Thanks Siebe. On (3) the fund as we currently see it would indeed attempt to address both (e.g. via evaluation on both that FP would also do otherwise), but it's a useful distinction to make.

That sounds great! I find the arguments for giving (potentially much) later intriguing and underappreciated. (If I had to allocate a large amount of money myself, I'm not sure what I'd end up doing. But overall it seems good to me if there is at least the option to invest.) I'd be very excited for such a fund to exist - partly because I expect that setting it up and running it will provide a bunch of information on empirical questions relevant for deciding whether investing into such a fund beats giving now.
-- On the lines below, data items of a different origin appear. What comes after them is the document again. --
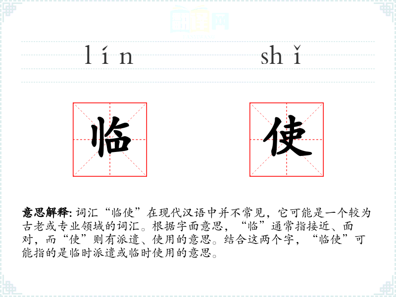 - 理解:临使是一个具有特定历史和文化背景的词汇,虽然在现代使用频率不高,但在特定领域仍有其重要性。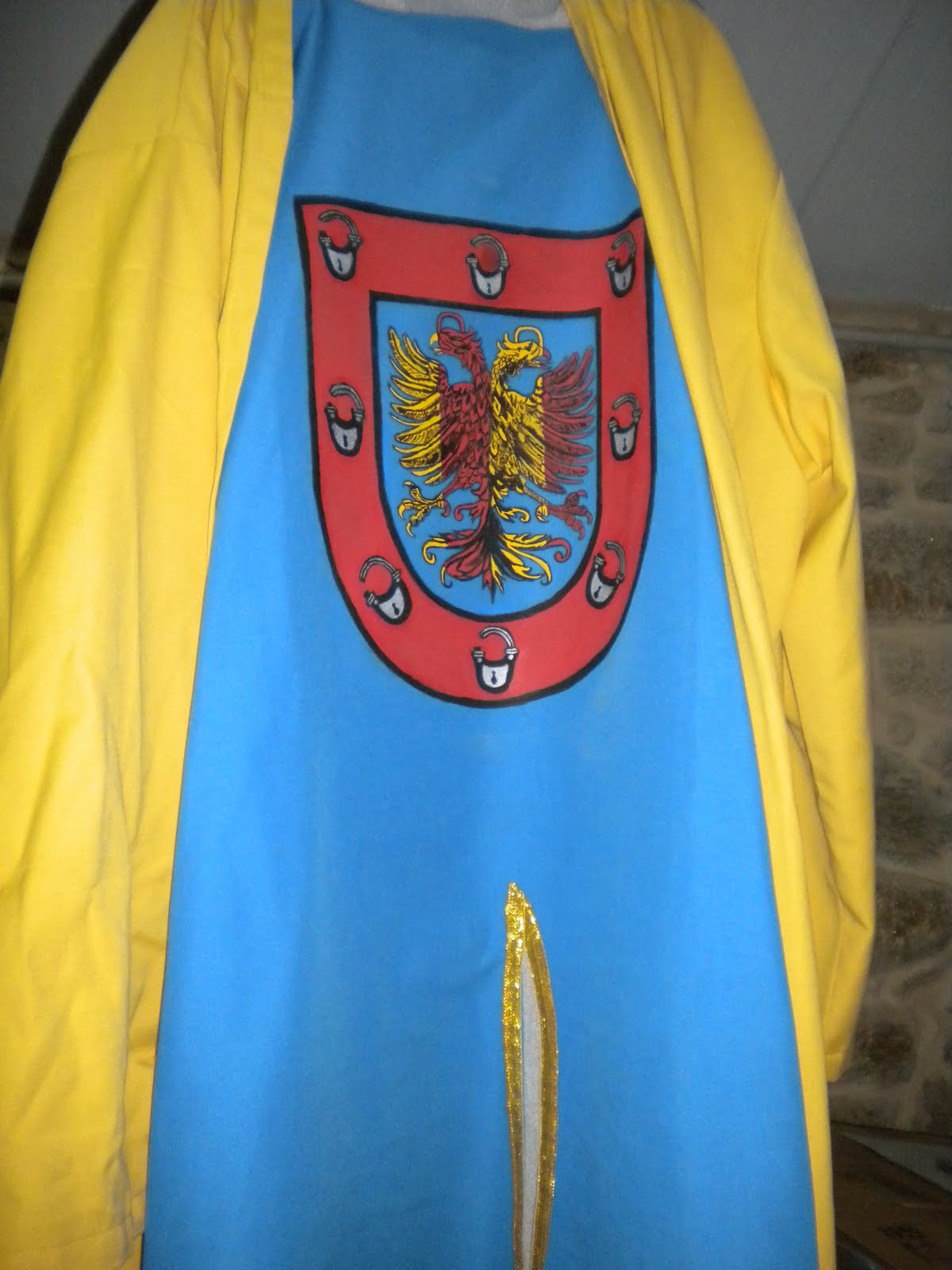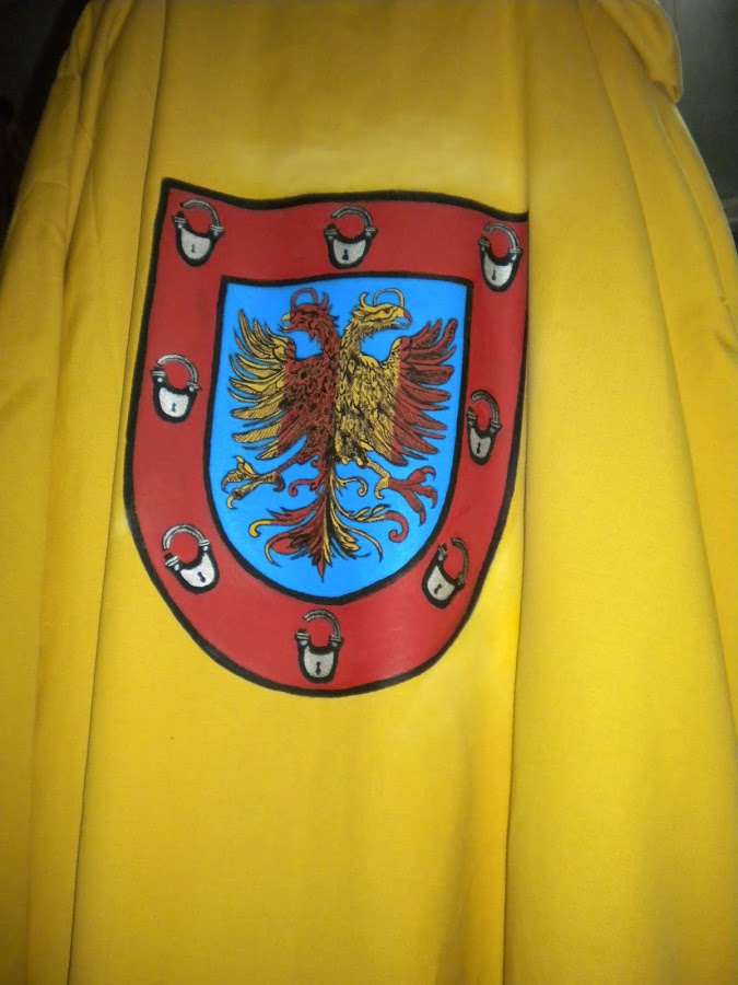 Bueno, pues este es un encargo de un amigo que se dedica a la lucha medieval (como aficción, claro). Ya hace algún tiempo le pinté el escudo (por ahí anda la foto en algún lugar del blog) y ahora quería que le hiciera los escudos que lleva en la ropa.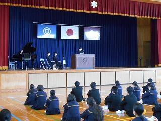 3年生はじっと聴き入っていました。「はなばたけ」の皆さん、朝のお忙しい中、ありがとうございました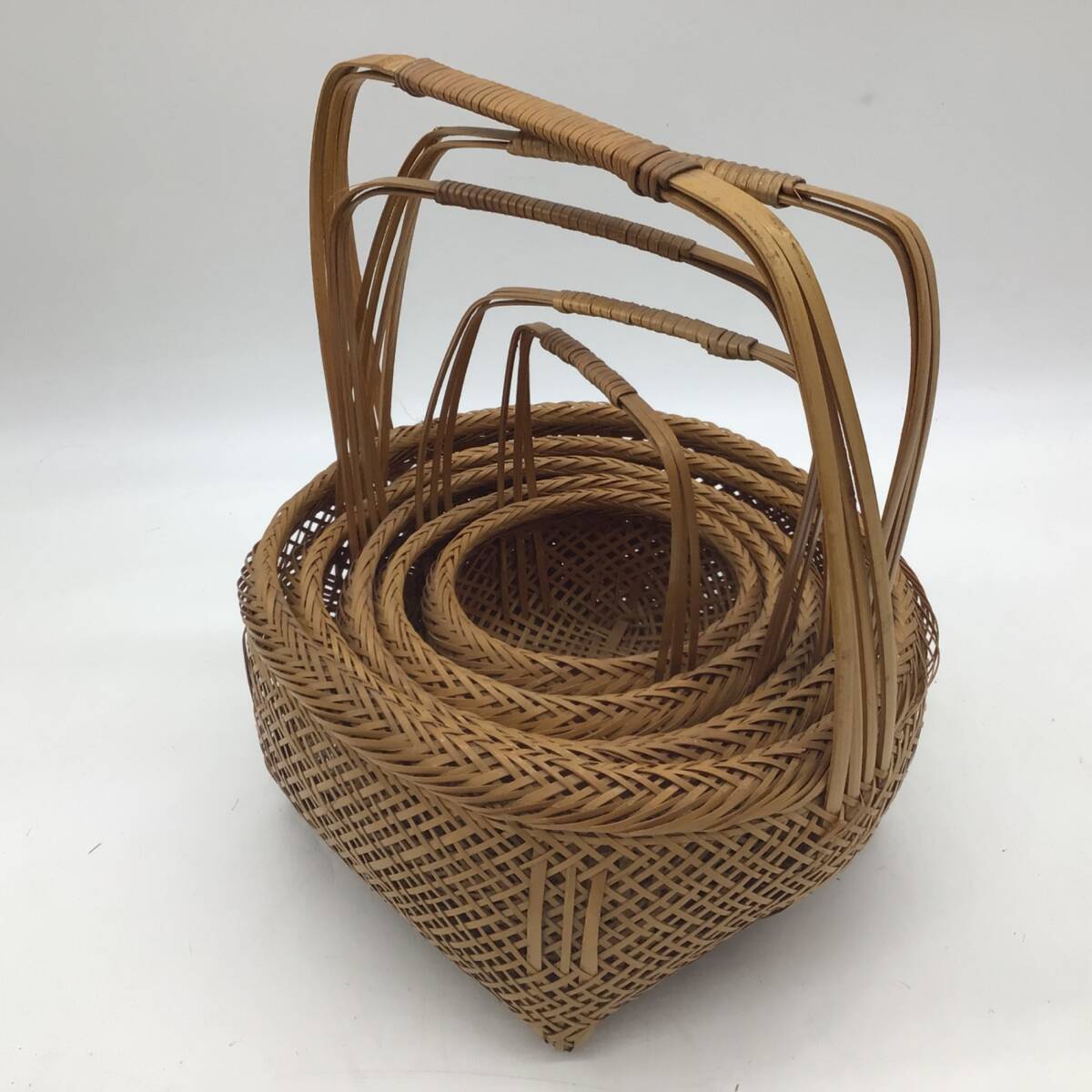 | 商品説明 | ・持ち手付き 竹かご 5個セット バスケット 収納 小物入れ 古民具 竹籠 籠 カゴ インテリア 竹細工。 ・昭和レトロなお品物です。 ・保管によるお品物のやけが見られます。 ・保管による持ち手のほつれが見られます。3枚目の写真にて確認ください。 ・写真にて状態をご判断ください。 |

Some simple but possible consideration against patient philanthropy that comes to my mind are:

  • Monetary investments are not necessarily value neutral but might actively cause harm, potentially over long time horizons (e.g., investments contributing to climate change). How do you account for this possible "mortage" of letting things run without taking action?
  • Climate change is a good example for a problem that could have been solved most effectively with early but heavy investment. How do you guard against missing those opportunities if your general strategy is to "wait things out"? If there is no pressure to "show results" overall results in general are going to depend very much on the estimates of the fund managers which is a crucial failure mode.
  • What is the actual value of having loads of money in the bank? There seem to be severe limits on how much money can effectively been used in a short time frame (without resorting to things like large indiscriminate payouts which are most likely not the most effective use of money). It already doesn't seem to make sense to spend too much even if your goal is to get rid of money (see OpenPhil). Thus, it seems like we actually have to invest in capacity building to be able to effectively absorb more funding in the future - this is somewhat contradictory to an explicitly patient perspective. I think this even holds somewhat for catastrophes which have been mentioned elsewhere. Good preparation is likely to be cheaper than getting out the checkbook at the last minute (e.g., see Taiwans response to Covid, climate change).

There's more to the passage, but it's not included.